President Barack Obama on Monday will throw his support behind a new proposal to dramatically revamp the federal student loan program, according to the White House.
A bill proposed by Sen. Elizabeth Warren (D-Mass.) would allow borrowers to potentially save thousands of dollars by giving them a chance to effectively pay off their high-rate existing loans in exchange for new loans that carry substantially lower interest rates.
The Obama administration initially was hesitant to fully embrace the bill because of disagreements over how to pay for it. But with mounting pressure from advocacy groups, and with a renewed political focus on issues confronting working families, the president has softened his opposition. Obama’s endorsement would be the latest recognition to date of the ascendance of Warren-style populism within the Democratic Party.
An administration official told The Huffington Post that Obama is expected to "call for passage of the refinancing bill" when it comes up for a vote, as it is scheduled to do next week.
Student groups and other organizations focusing on younger Americans enthusiastically support Warren’s bill, under which new interest rates would range from 3.86 percent for loans taken out by borrowers when they were undergraduates to 6.41 percent for parents who took out loans for their children's college tuition, as well as for borrowers who took out loans to pay for graduate school.

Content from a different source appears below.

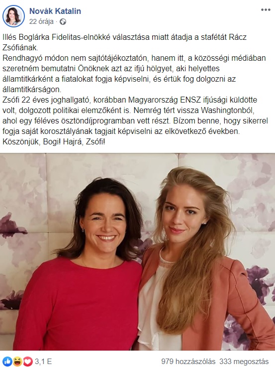 Egyre több aktuális közéleti hírben találhatunk valami soproni szálat is ( igaz olykor csak közvetetten, mint ez esetben is ) azonban igazán örömteli azzal szembesülni hogy az ország peremvidékén fekvő kisváros (!) neve is beleszövődhet egy-egy ilyen jellegű hírbe. A legújabb aktualitást most az adja, hogy szerdán jelentette be Facebook-oldalán Novák Katalin, Család- és ifjúságügyért felelős államtitkár, hogy Rácz Zsófia lesz az EMMI ifjúságpolitikáért és esélyteremtésért felelős helyettes államtitkára.

The financial industry, perhaps not surprisingly, is less enamored with the proposal. The bill would allow borrowers to refinance loans owned by the private sector into new loans made by the Education Department. Paying off loans early deprives lenders of future interest income, causing paper losses.
Republicans appear to be dead set against enacting the proposal into law, but for different reasons. The Democrats proposed to offset the loss of future federal revenue by increasing taxes on the wealthy -- a pay-for idea that is anathema in conservative circles.
“This bill doesn’t make college more affordable, reduce the amount of money students will have to borrow, or do anything about the lack of jobs grads face in the Obama economy," Senate Minority Leader Mitch McConnell (R-Ky.) said in a statement.
The lack of Republican support means the proposal would be unlikely to garner the 60 votes needed to prevent a filibuster in the Senate or pass the GOP-controlled House of Representatives. Analysts at Compass Point Research & Trading, a financial firm, put the odds of it becoming law at less than 10 percent.
But Democrats, including the White House, still are likely to hold a vote in hopes of placing Republicans on the wrong side of an issue that is becoming increasingly important to American households. Some 40 million Americans have student loans. They collectively owe $1.3 trillion, making student debt the second-biggest form of consumer debt after home mortgages. Unpaid student debt has doubled since 2007, according to the Federal Reserve.
"College has never been more important, but it’s also never been more expensive," White House spokesman Josh Earnest said this week. "So we commend the efforts in the Senate and look forward to working with them to pass this bill."
Warren's bill is a central part of Senate Democrats’ so-called “Fair Shot” agenda in advance of November’s elections. Thirty-five other senators are co-sponsoring the measure.
“The bill is part of Democrats' strategy to highlight a number of issues they believe will energize their voting base ahead of the midterm elections,” analysts at Keefe, Bruyette & Woods wrote in a note to clients last month. But the cost to enact the proposal combined with new taxes, they added, “suggests to us that the Warren bill is more about the politics of the issue and not about passing the bill."